Social worker Mitch Adams receives an urgent plea to save his mentor, psychologist Tony Martin ... from himself. Ton'y quest to develop a Virtual Reality machine to prevent suicides hits a snag--the technology doesn't exist. He signs a contract with a local engineering firm whose bombastic Jewish leader oversees twelve "apostles", among them a beautiful and beguiling half-Arab female engineer named Danielle Naila.
After months of round-the-clock work, Tony secretly tries the machine on himself and finds it works--only he's not alone. He "wakens" from the program to find he's been framed, his life's work stolen, and his wife has thrown him out of their home. Injured, he turns to his best friend Mitch to help recover the stolen machine and help restore his life. Dead bodies begin turning up in the machine's wake days before Pope Francis is to visit the St. Louis Cathedral Basilica. "Danny" may be the culprit, who is her master and what is their plan?
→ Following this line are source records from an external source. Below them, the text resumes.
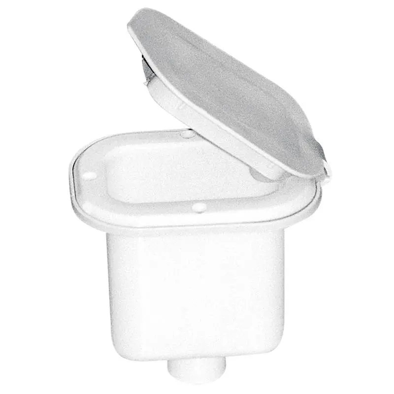 Rectangular shower box made of white plastic, designed for embedding in boat bilge surfaces or decks. Product from Nuova Rade, known for durability in marine environments.
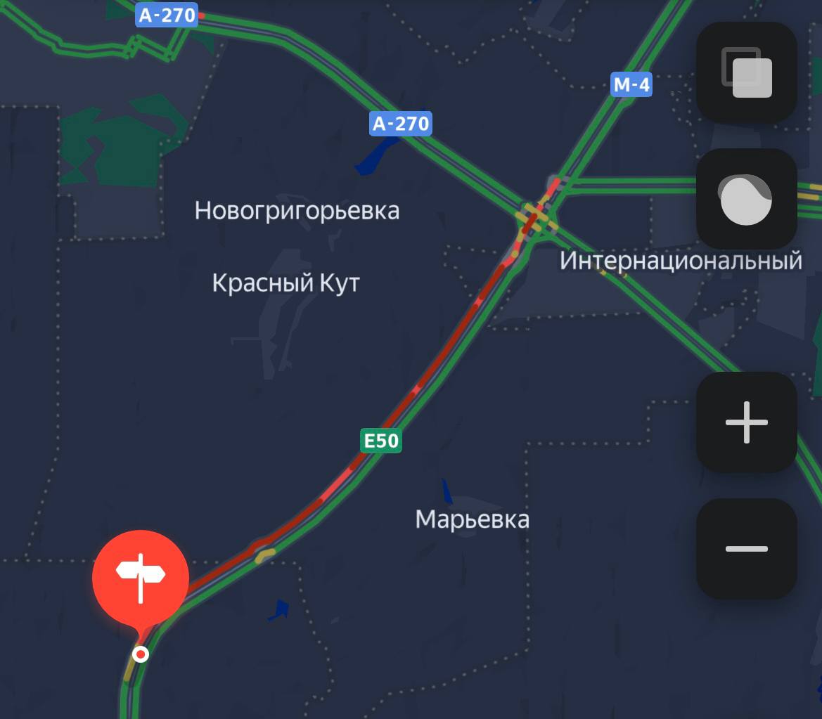 По данным сервиса «Яндекс. Карты», пробка образовалась с 1002-го по 1013-й километр. Этот участок находится в районе пересечения с трассой А-270 и тянется до хутора Сусол.
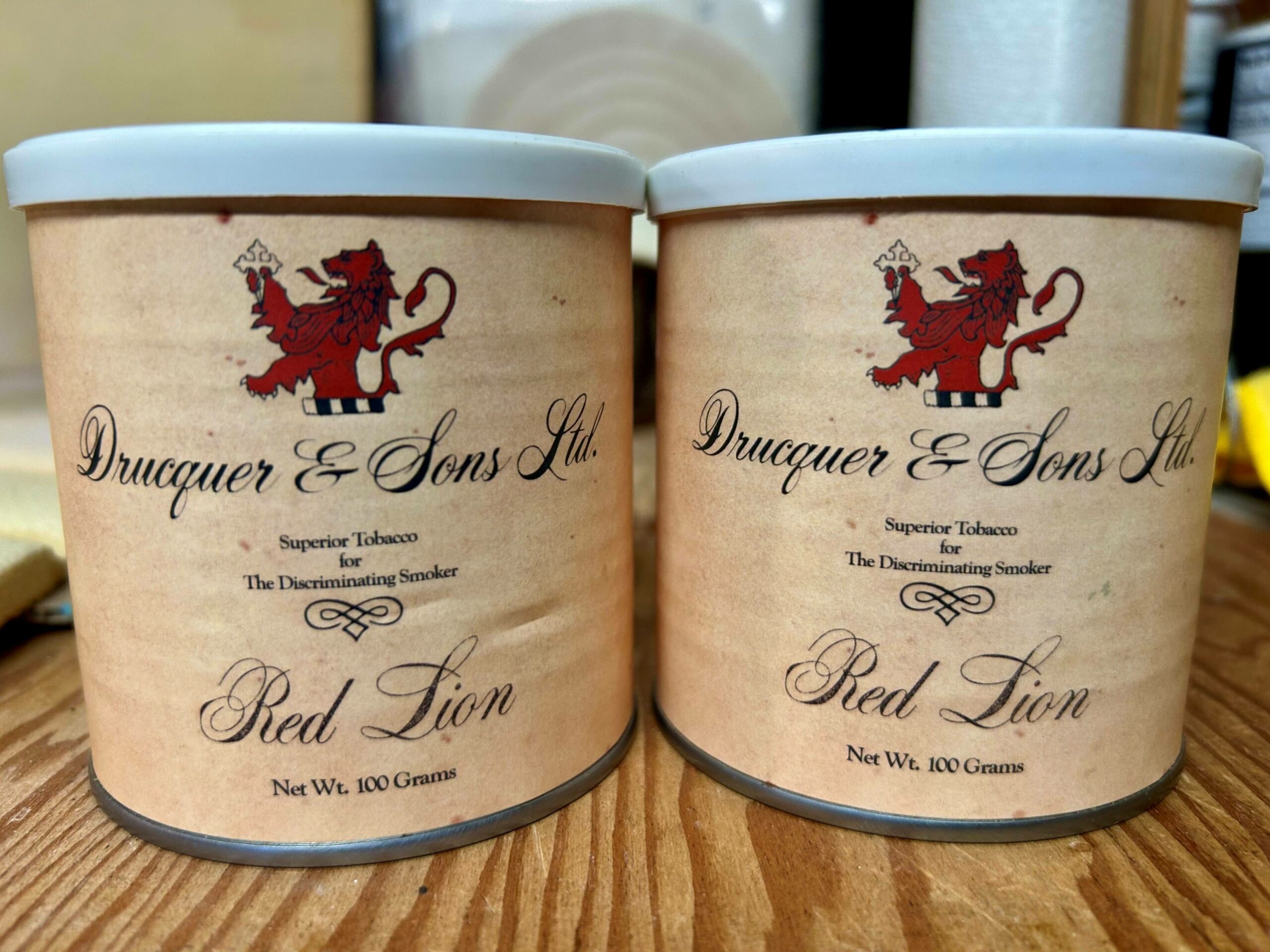 Two tins of Drucquer's RED LION, from the first tinning that Greg Pease created and that Cornell & Diehl blended back in 2016! 10 years of aging should bring this well rounded blend to mellow heaven! You'll be glad you did!
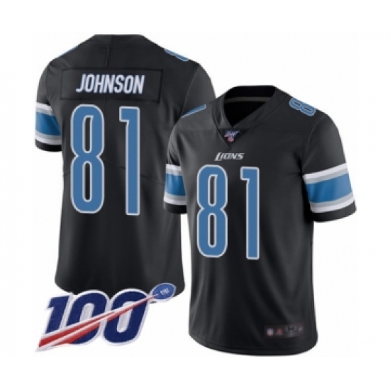 >Men's Detroit Lions #81 Calvin Johnson Limited Black Rush Vapor Untouchable 100th Season Football Jersey
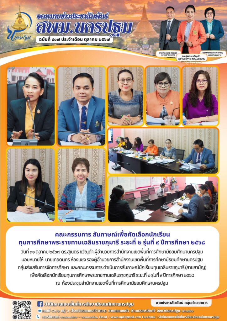 คณะกรรมการ สัมภาษณ์เพื่อคัดเลือกนักเรียนทุนการศึกษาพระราชทานเฉลิมราชกุมารี ระยะที่ ๒ รุ่นที่ ๙ ปีการศึกษา ๒๕๖๘ (สายสามัญ) 10/31/202411/01/2024 ประชา สัมพันธ์ จดหมายข่าวเขต Views: 215 ประชา สัมพันธ์
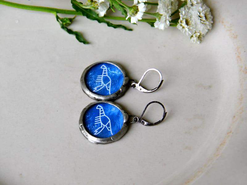 Kolczyki z wizerunkiem langusty (symbol "Langusty Na Palmie" Ojca Adama Szustaka). Rustykalna oprawa wykonana z ekologicznej cyny stylizowanej na ciemne srebro. Długość kolczyka to ok. 4 cm. Biżuteria w 100% wykonana ręcznie, poszczególne sztuki mogą się minimalnie różnić.
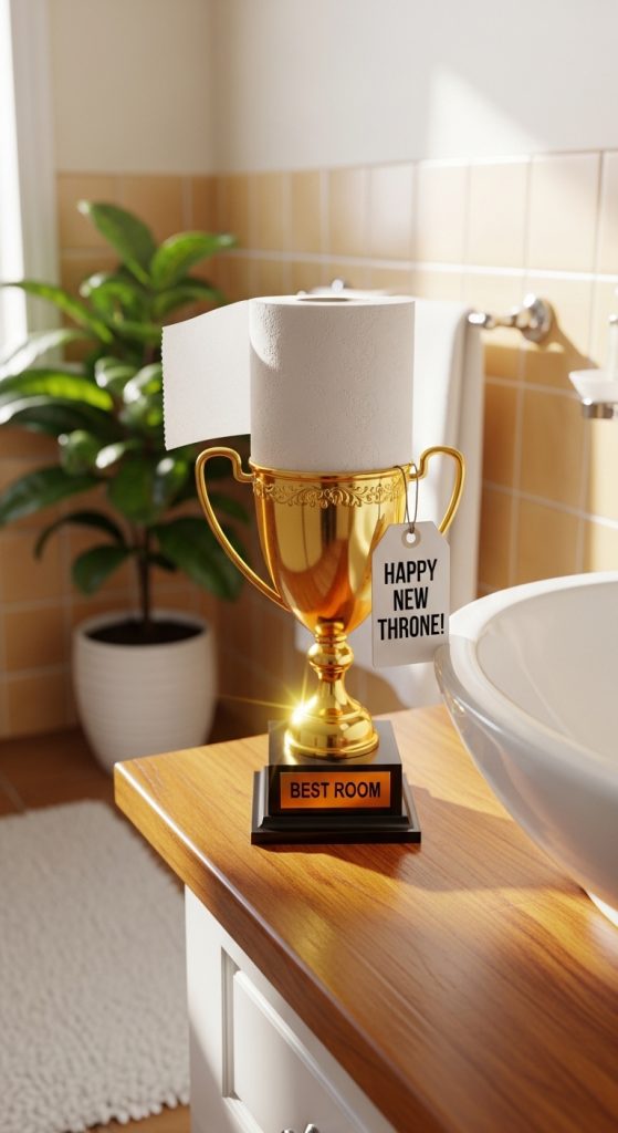 Every homeowner quickly learns that running out of toilet paper is a household crisis. Turn this everyday necessity into a comedy masterpiece by presenting a single roll of toilet paper mounted on a trophy stand. Label it “For Emergencies Only.” It is inexpensive, funny, and oddly practical at the same time. Guests will laugh, and the homeowners might actually keep it in the bathroom as decoration.
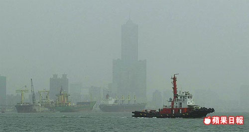沙塵暴襲臺,從高雄港海面上望去,原本可清楚看到輪廓的高雄市標志性建筑85大樓宛如海市蜃樓。 來源:臺灣《蘋果日報》

During his hunt for Danny, Mitch dives into the worlds of corporate espionage and kidnapping, discovers the machine's frightening power, and deduces what Danny is prepared to do to carry out her goal. Mitch must think faster on his feet than ever before if he is to save those he loves and prevent a tragedy with global ramifications.
To lend context to the series, Mitch teams up again with Detective JoJo Baker, a street-smart, slang-talking, city homicide detective who in book one (Interrogation) did his best to convict Mitch for the murder of his girlfriend and in book two (Counterfeit) asked for Mitch's help in seeing a counterfeiter in city jail. Their relationship has evolved over the years from one of enemies to frenemies to friends. The characters in the series age, relationships change, and they progress or regress like humans do.
Book one is more of a classic mystery, who-done-it tale. Book two is part crime-fiction, psychological suspense in which no one and nothing is at it seems (Counterfeit garnered interest from motion picture studios for the movie rights). Book three is more of a thriller, grittier and more graphic than the first two, with more language, sexual situations, and violence than the first two. To rate them ala movies, the novels would be R-rated. They can be read as stand-alone fiction or in sequence.